Raja’ ibn Haywa and Yazid ibn Sallam are the only two names mentioned in the sources who clearly had something to do with the building of the Dome of the Rock. The information I have provided about Raja’ is true to what little is known about him. That he was considered an expert on the Holy City is a point made by Nasser Rabbat in “The Dome of the Rock Revisited: Some Remarks on al-Wasiti’s Accounts,”
Muqarnas
, vol. 10 (1993). Yazid ibn Sallam was a local Jerusalemite and less important than Raja’.

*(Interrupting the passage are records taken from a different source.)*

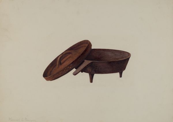 Editor: This is Edna Rex’s “Table,” made sometime between 1935 and 1942, using watercolor and colored pencils. It’s so simple, but there's something kind of lonely about this lone table. What do you see in this piece? Curator: The singularity is striking, isn't it? Focusing solely on a single, rather humble object pulls it out of the domestic narrative. This allows us to reflect on what a table *means*. Historically, the table is a symbol of gathering, sustenance, communion – a site of shared experience. Editor: So the absence of that...sharing... that community aspect, contributes to that lonely feeling? Curator: Precisely. Think about what *isn't* shown. No food, no people, just this lone object rendered with precision. What emotional residue clings to the image in its solitude? This echoes wider themes from that era. The Depression left many feeling isolated, struggling. Editor: So the drawing, maybe unintentionally, becomes about loss? And I'm also curious, with it being watercolor and colored pencil, would that mean this might have been meant more as a study than a final piece? Curator: Potentially. The combination lends itself to detailed observation, almost scientific documentation. But even in documentation, symbolism persists. The deliberate act of choosing *this* table to meticulously record transforms the mundane into something more profound. Do you find the medium affects how you interpret the imagery itself? Editor: It does now! Thinking of it as documentation makes me consider the table itself almost as an artifact, and that draws out that lonely feeling. Like it’s a specimen, the last of its kind almost. Thanks! Curator: It is through thoughtful questions such as these that objects whisper their forgotten histories. Thank you for considering such a complex web of possible readings.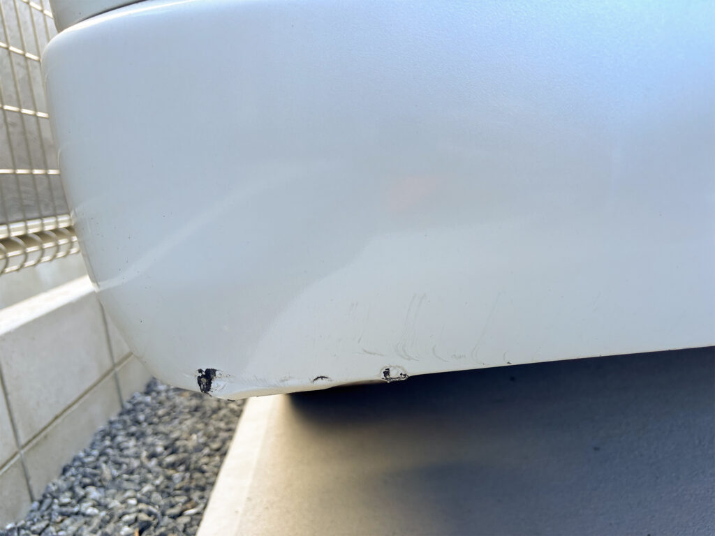 ご主人がメインで使われているハイエースバンのリアバンパーをぶつけてしまい、擦り傷とへこみがくっきり残ってしまったそうです。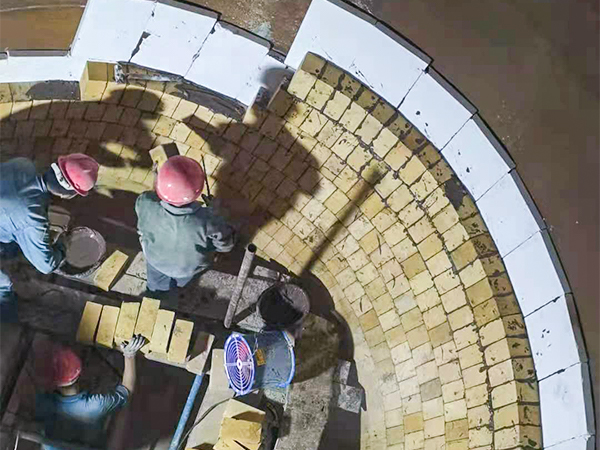 鄭州榮盛為客戶電爐更換鋁碳磚施工現(xiàn)場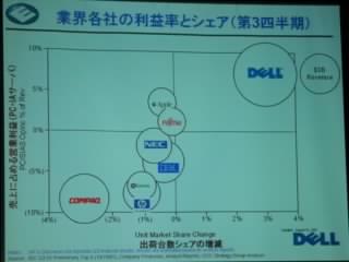 「売り上げが伸びているだけでなく、利益が拡大していることがポイントだ。市場シェアの伸びと利益の伸びをグラフにしてみると、他のパソコンメーカーと比べてデルが著しく優れていることが明白になる」とロリンズ社長。インターネットを活用して、顧客や社員、取引先と良い関係を築いていることが不況下でも成長できる理由だとした。徹底的なサプライチェーン管理により、取引先の部品メーカーの生産体制とデルの生産体制が効率よく結びついており、部品在庫が4日分という圧倒的な低コスト構造を実現している。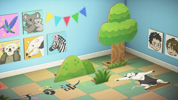 The theme of the island is the Galápagos Island depicted in the anime, where the characters test out the designs of the various living creatures that they have devised. Various characters and locations that appear in the anime, such as the banquet hall from episode 6 and the work room for the bug department. There is also a spot where you can take screenshots of your character with custom designs drawn by illustrator Namoko Machinami. Finally, the residents of the island will say lines associated with characters from the anime.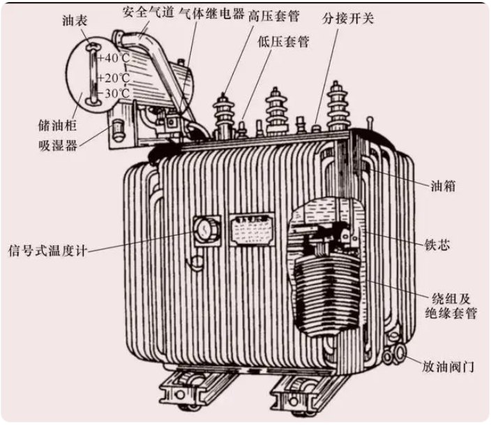 (3)油箱和冷卻裝置 油浸式變壓器的器身浸在充滿變壓器油的油箱里。變壓器油既是絕緣介質,又是冷卻介質,它通過受熱后的對流,將鐵芯和繞組的熱量帶到箱壁及冷卻裝置,再散發到周圍空氣中。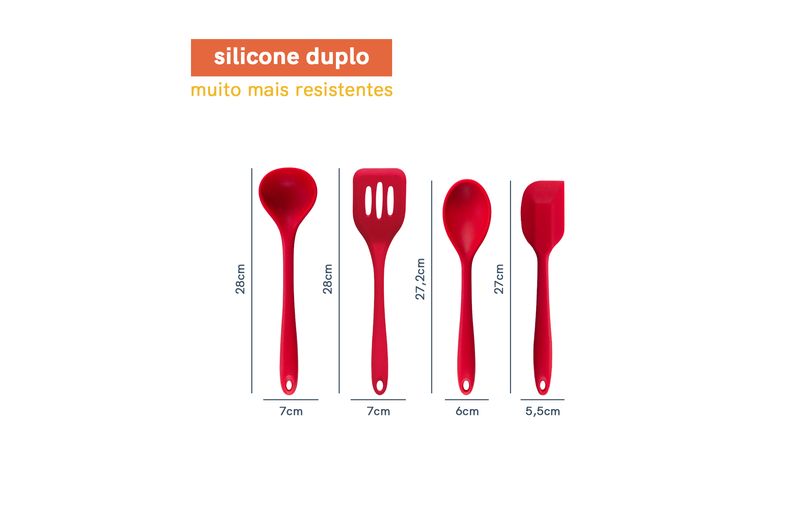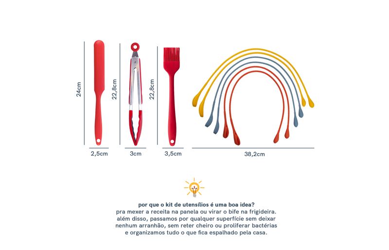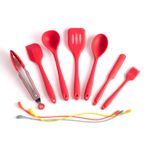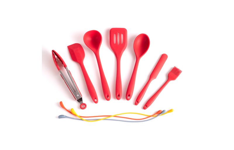 Esse é o kit de utensílios de silicone com 8 peças amarrador vermelho da oikos.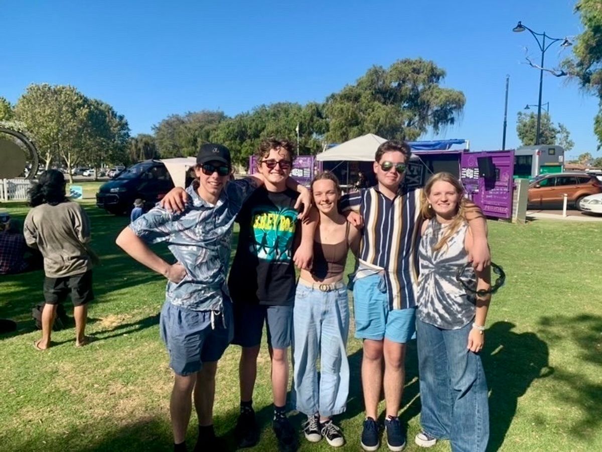 Over the summer school holidays, five Frederick Irwin Anglican School Year 11 students (Sam Rutherfurd, Emily Tamplin, Lachlan Dods, Hudson Merema and Amy Latham) performed with their band at an event called ‘Beat Box’, on the Mandurah Foreshore, as well as performing at the Mandurah Music Club.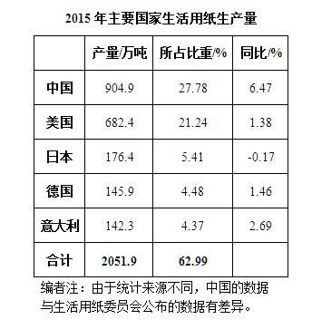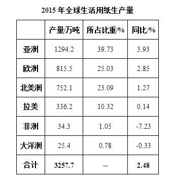 2015年,世界經(jīng)濟(jì)整體復(fù)蘇疲弱乏力,GDP僅增長(zhǎng)2.47%,自2010年以來(lái)僅略高于2013年的增長(zhǎng)水平。發(fā)達(dá)國(guó)家經(jīng)濟(jì)復(fù)蘇緩慢,新興經(jīng)濟(jì)體增速進(jìn)一步回落,世界貿(mào)易增長(zhǎng)依然疲弱,工業(yè)生產(chǎn)低迷。在上述宏觀經(jīng)濟(jì)形勢(shì)下,2015年全球生活用紙生產(chǎn)量為3257.7萬(wàn)噸,比2014年增長(zhǎng)2.48%。具體數(shù)據(jù)如下:

On the issue of light and the design of the Dome, which Ishaq and Raja’ argue about, there is reason to believe that the fifty-six windows in the edifice let in much more light before Sultan Sulayman changed all the marble grilles in the sixteenth century. Transparency, brightness, and vividness of color are central features of the design that must have
made this building stand out dramatically from all its Christian predecessors in the seventh century. Although we can only guess at the design of the exterior mosaics on the eight octagonal walls, because they too were replaced in the sixteenth century, it is known that a great deal of color was deployed. As Grabar puts it in
The Shape of the Holy
, “such external decoration in color is virtually unknown before Umayyad times.” The twenty-fourth Sura from the Quran that so moved Ishaq (verses 35–37 are cited) is called “Light,” and is often used in association with glass lamps hung in mosques to symbolize the divine presence. The conversation about the origin of the use of calligraphy in Muslim religious architecture is an invention. Words on walls, however, became prominent in Muslim architecture in place of images. The Dome of the Rock stands at the forefront of an aesthetic revolution in the use of calligraphy as decoration. Grabar, who has written extensively about the inscriptions, considers applied calligraphy on this scale an invention inspired by Islam; its manipulation on buildings is comparable to the ways in which images were used in Christianity. A great deal of aesthetic energy and symbolic meaning was invested in the act of writing itself, as well as in all that accompanied or made writing on a surface possible; see Grabar (1987, 1996).